> **ABOUT THIS TASK**: Look at every line below and count those containing "color". Answer with the number only.

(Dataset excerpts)
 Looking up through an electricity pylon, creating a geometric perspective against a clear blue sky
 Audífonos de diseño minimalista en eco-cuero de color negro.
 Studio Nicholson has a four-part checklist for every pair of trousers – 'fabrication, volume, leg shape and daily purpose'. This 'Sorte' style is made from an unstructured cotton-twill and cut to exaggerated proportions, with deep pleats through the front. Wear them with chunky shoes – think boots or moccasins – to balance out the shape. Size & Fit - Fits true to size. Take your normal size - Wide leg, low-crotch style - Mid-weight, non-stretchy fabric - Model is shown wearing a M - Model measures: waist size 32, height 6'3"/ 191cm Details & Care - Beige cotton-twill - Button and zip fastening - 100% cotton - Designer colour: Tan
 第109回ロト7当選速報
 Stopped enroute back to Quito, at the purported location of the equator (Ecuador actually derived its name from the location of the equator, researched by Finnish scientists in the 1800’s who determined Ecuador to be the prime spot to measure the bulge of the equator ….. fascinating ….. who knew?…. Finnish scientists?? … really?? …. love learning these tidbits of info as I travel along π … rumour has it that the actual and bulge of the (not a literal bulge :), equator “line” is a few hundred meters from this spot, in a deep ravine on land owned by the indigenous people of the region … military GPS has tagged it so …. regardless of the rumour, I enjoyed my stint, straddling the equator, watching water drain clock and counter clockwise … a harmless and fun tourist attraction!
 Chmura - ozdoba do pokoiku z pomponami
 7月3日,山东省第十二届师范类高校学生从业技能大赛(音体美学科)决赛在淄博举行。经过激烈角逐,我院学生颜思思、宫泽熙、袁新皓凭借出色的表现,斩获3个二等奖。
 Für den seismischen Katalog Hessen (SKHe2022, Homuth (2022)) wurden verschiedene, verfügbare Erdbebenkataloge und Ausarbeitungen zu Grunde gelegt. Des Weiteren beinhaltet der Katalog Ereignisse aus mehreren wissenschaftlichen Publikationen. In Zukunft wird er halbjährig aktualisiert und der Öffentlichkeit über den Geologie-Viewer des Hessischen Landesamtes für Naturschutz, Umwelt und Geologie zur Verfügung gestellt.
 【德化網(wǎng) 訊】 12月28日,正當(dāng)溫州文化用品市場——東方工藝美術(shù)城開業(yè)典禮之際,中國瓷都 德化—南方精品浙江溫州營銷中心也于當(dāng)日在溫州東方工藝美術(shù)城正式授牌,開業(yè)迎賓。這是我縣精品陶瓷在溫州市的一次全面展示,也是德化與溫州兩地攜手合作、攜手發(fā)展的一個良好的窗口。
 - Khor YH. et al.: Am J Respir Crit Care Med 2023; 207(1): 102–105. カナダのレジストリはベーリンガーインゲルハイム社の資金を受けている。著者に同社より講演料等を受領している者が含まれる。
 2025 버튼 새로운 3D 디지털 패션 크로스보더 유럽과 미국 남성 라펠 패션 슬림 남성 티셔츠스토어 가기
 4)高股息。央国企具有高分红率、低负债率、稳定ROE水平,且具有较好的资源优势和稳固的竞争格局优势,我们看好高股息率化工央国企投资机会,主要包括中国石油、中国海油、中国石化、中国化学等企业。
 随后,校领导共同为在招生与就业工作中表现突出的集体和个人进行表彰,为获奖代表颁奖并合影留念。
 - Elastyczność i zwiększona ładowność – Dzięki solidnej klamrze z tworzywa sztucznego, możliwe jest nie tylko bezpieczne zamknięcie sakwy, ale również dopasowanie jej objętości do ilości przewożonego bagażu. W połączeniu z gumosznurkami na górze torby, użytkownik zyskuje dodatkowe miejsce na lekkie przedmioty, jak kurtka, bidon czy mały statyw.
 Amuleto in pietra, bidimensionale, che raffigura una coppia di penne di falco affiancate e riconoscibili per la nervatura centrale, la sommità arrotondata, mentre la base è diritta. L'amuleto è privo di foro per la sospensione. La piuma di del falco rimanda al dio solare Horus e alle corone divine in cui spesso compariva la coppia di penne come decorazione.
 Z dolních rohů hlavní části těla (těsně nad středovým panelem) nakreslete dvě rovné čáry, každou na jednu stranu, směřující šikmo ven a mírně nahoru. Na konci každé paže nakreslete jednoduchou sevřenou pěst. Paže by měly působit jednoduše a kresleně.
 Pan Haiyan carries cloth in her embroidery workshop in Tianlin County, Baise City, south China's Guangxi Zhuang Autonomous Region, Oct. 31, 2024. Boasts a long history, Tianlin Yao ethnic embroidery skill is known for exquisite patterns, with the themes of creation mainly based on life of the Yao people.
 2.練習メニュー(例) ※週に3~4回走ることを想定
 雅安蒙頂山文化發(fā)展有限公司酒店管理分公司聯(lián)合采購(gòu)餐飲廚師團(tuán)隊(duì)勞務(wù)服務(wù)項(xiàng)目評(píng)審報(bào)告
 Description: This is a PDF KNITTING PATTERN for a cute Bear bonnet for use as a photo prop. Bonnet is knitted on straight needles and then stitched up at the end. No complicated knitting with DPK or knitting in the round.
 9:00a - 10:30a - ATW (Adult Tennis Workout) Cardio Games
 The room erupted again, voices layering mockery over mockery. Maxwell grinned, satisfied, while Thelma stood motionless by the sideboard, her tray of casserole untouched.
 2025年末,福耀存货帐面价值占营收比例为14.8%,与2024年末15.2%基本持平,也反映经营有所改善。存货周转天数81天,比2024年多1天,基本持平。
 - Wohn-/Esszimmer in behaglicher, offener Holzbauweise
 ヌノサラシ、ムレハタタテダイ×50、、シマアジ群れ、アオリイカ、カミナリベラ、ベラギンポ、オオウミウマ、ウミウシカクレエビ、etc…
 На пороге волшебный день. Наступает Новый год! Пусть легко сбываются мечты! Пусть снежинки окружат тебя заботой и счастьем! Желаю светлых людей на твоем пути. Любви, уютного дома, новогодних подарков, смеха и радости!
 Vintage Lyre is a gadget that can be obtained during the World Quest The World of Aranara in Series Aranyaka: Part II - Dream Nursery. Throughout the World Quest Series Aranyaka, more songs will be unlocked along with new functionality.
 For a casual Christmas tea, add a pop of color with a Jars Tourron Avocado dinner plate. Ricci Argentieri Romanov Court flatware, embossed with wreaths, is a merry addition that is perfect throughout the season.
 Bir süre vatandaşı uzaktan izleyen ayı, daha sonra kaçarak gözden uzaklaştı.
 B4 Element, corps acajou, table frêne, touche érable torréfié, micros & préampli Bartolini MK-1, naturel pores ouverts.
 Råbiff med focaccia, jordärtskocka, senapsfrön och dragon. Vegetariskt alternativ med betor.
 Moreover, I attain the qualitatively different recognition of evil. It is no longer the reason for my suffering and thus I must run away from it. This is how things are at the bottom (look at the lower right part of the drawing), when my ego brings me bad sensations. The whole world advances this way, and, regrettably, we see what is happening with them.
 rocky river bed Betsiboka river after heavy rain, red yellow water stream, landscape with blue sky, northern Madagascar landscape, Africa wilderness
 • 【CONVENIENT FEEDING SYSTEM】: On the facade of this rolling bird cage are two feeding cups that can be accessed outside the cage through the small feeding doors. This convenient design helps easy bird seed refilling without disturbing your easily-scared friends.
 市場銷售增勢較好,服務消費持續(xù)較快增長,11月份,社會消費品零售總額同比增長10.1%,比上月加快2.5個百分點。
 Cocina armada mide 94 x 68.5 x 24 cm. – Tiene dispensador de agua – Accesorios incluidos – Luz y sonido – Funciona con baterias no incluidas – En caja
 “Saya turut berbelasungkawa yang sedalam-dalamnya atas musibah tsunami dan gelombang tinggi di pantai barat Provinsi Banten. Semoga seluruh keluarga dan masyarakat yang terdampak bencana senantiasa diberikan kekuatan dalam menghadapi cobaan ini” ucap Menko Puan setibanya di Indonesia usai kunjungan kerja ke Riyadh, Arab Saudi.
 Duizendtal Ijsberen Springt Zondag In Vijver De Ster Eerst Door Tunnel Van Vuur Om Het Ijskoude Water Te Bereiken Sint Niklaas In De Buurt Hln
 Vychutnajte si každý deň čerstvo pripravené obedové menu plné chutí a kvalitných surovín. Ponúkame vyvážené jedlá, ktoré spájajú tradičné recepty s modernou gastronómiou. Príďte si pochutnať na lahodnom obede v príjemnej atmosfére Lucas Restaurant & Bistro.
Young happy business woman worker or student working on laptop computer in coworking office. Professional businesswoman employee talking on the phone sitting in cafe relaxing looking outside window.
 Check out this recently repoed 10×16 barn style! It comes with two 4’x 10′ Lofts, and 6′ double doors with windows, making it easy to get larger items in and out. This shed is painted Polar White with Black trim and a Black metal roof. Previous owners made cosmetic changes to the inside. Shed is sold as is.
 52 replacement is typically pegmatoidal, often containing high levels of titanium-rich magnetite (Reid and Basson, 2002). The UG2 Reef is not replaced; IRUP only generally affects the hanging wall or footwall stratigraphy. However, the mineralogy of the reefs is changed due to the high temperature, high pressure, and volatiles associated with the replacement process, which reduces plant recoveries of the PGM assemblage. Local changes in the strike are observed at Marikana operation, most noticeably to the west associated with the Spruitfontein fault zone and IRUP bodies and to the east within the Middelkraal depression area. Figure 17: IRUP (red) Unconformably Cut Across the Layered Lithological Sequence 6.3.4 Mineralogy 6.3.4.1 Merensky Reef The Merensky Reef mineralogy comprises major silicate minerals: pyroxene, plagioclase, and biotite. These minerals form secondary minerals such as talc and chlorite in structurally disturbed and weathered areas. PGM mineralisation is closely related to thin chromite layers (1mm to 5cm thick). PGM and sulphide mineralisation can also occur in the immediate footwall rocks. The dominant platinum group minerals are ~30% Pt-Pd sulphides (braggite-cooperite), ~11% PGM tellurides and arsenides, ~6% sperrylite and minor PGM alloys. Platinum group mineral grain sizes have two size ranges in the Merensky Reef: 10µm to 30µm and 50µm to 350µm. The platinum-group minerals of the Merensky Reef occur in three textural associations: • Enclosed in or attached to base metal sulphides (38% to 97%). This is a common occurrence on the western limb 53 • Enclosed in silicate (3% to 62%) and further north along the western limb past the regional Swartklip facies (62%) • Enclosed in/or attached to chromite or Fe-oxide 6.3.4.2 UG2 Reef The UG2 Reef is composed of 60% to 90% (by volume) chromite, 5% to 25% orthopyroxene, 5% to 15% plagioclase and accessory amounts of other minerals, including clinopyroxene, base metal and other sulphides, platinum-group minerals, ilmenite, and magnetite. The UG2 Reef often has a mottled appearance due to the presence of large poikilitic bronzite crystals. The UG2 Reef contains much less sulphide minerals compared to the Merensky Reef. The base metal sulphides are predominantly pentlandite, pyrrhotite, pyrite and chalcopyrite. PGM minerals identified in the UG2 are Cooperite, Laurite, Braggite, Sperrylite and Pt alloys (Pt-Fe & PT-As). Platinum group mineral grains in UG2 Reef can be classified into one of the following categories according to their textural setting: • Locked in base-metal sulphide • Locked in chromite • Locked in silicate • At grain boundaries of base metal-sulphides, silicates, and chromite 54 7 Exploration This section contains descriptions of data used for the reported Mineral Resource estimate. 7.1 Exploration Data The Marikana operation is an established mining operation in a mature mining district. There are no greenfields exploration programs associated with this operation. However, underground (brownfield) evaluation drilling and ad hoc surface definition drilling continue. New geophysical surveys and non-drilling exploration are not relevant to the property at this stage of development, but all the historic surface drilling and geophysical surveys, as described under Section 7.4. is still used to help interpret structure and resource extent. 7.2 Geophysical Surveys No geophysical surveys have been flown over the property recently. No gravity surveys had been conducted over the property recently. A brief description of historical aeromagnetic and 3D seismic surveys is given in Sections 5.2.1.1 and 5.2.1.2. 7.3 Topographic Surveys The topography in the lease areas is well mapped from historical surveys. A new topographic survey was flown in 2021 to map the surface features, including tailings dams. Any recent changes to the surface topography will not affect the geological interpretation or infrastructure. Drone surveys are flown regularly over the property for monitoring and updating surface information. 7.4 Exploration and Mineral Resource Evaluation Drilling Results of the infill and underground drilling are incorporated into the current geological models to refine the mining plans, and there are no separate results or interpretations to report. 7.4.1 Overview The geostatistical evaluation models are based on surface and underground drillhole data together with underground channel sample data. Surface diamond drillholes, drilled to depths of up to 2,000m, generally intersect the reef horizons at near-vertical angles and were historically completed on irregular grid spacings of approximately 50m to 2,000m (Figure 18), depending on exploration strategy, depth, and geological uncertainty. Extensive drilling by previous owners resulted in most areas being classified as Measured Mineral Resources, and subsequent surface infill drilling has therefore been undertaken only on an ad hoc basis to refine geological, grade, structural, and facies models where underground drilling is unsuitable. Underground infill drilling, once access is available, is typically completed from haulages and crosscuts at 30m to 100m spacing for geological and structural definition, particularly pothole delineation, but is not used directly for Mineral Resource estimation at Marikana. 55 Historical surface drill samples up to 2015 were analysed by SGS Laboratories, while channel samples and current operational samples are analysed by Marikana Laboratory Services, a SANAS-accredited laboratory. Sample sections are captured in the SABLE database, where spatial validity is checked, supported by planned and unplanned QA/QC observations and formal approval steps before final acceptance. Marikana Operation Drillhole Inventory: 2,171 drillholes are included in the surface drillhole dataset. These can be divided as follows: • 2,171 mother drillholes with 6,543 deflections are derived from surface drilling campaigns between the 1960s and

> **RESPONSE**: 2